• WHAT YOU WILL DO
Transcribe, starting at the line with "Fig. 19. Recurbarea" and ending at the line with "This image was", every line of the material below exactly, but leave out the pictures and anything outside that span.
──────── RECORDED DATA ────────
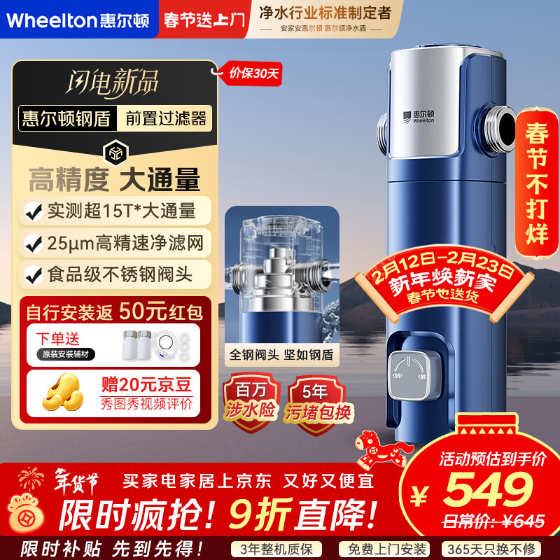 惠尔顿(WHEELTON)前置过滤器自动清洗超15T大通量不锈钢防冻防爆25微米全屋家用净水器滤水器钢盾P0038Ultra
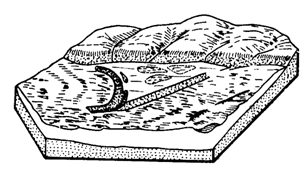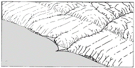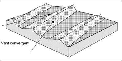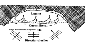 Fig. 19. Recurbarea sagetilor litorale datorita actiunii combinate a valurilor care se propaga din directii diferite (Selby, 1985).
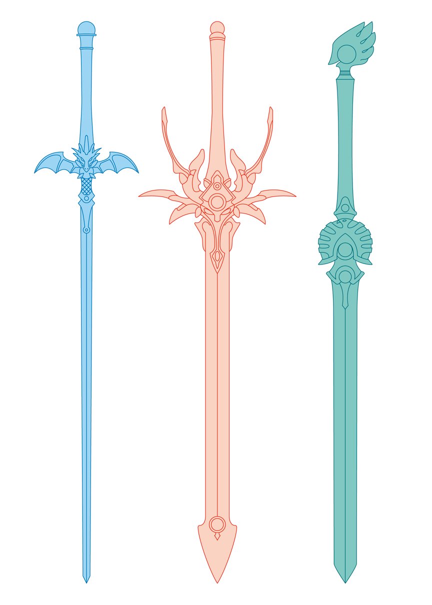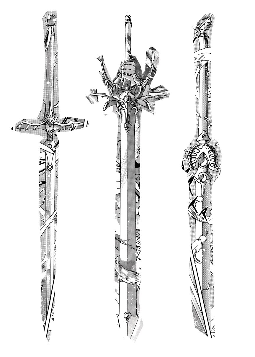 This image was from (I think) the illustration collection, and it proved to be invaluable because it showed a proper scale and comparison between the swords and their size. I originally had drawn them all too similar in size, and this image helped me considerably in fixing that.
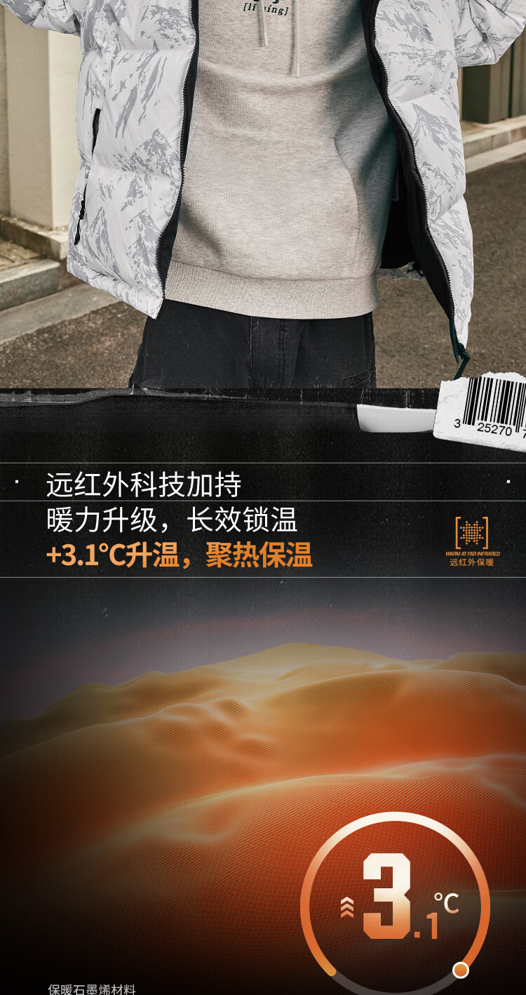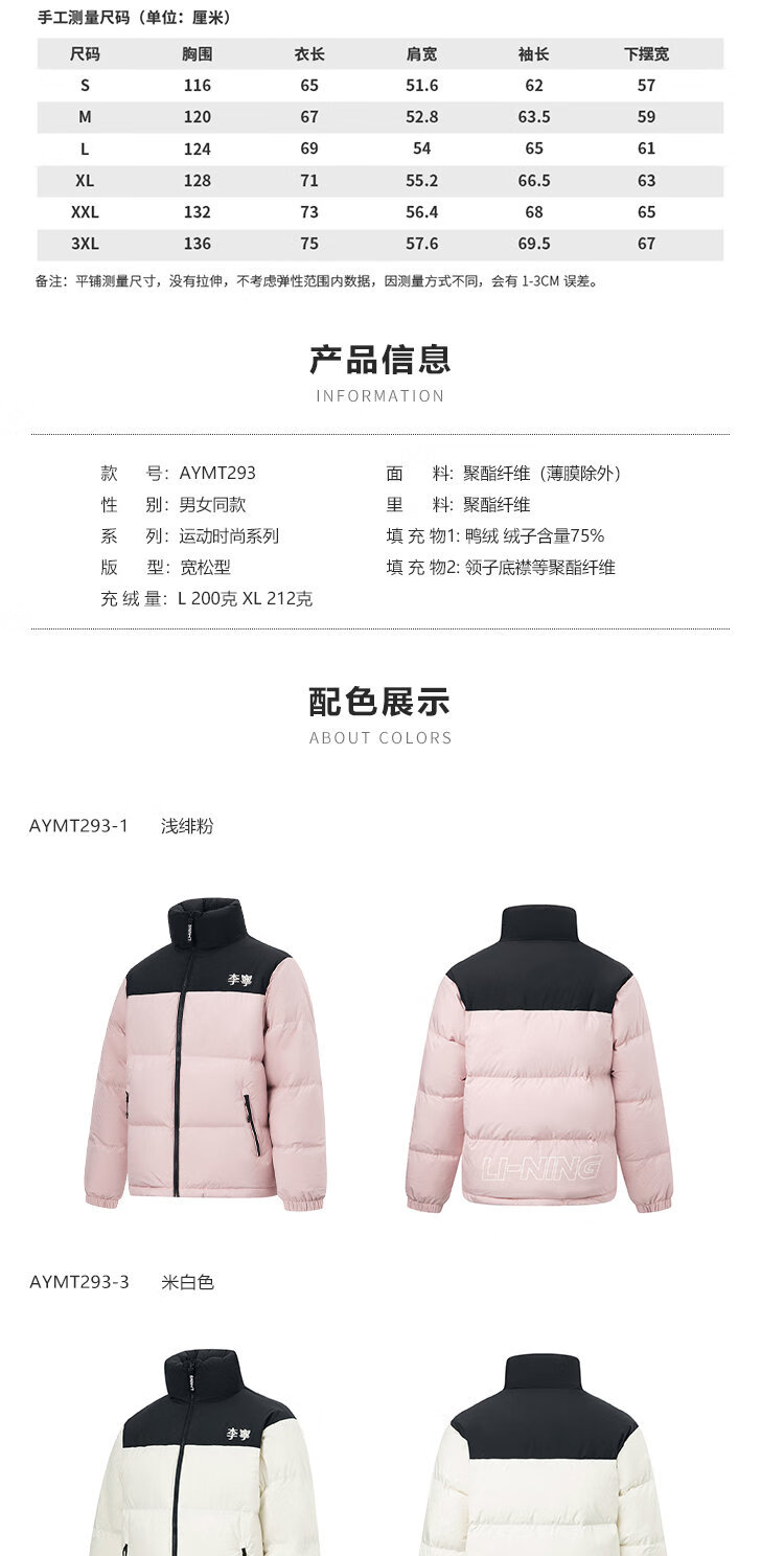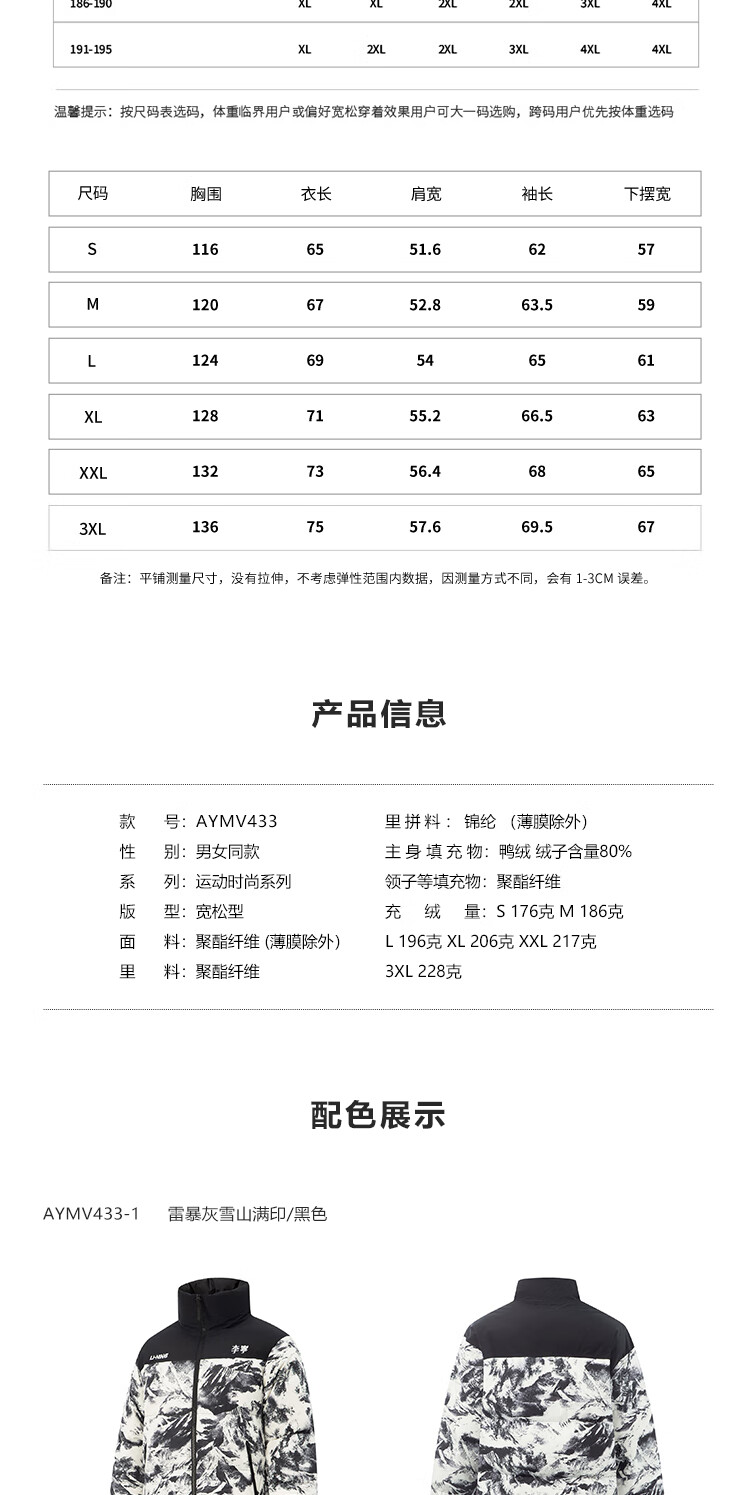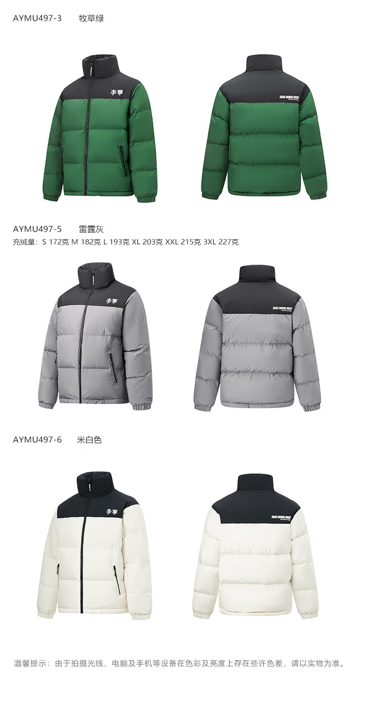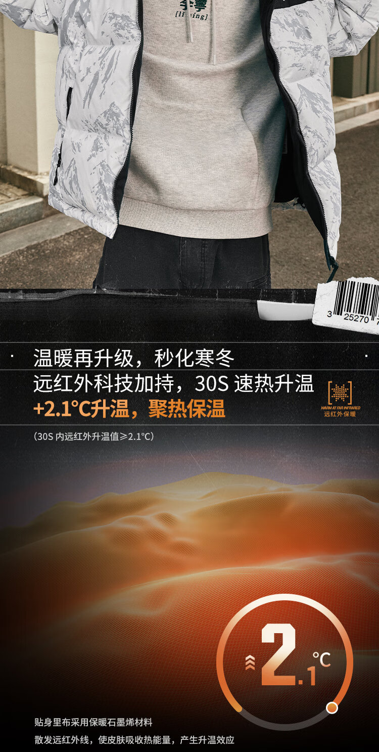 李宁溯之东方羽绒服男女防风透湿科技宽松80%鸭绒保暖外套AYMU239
────────
• EXPECTED ANSWER
 Fig. 19. Recurbarea sagetilor litorale datorita actiunii combinate a valurilor care se propaga din directii diferite (Selby, 1985).
 This image was from (I think) the illustration collection, and it proved to be invaluable because it showed a proper scale and comparison between the swords and their size. I originally had drawn them all too similar in size, and this image helped me considerably in fixing that.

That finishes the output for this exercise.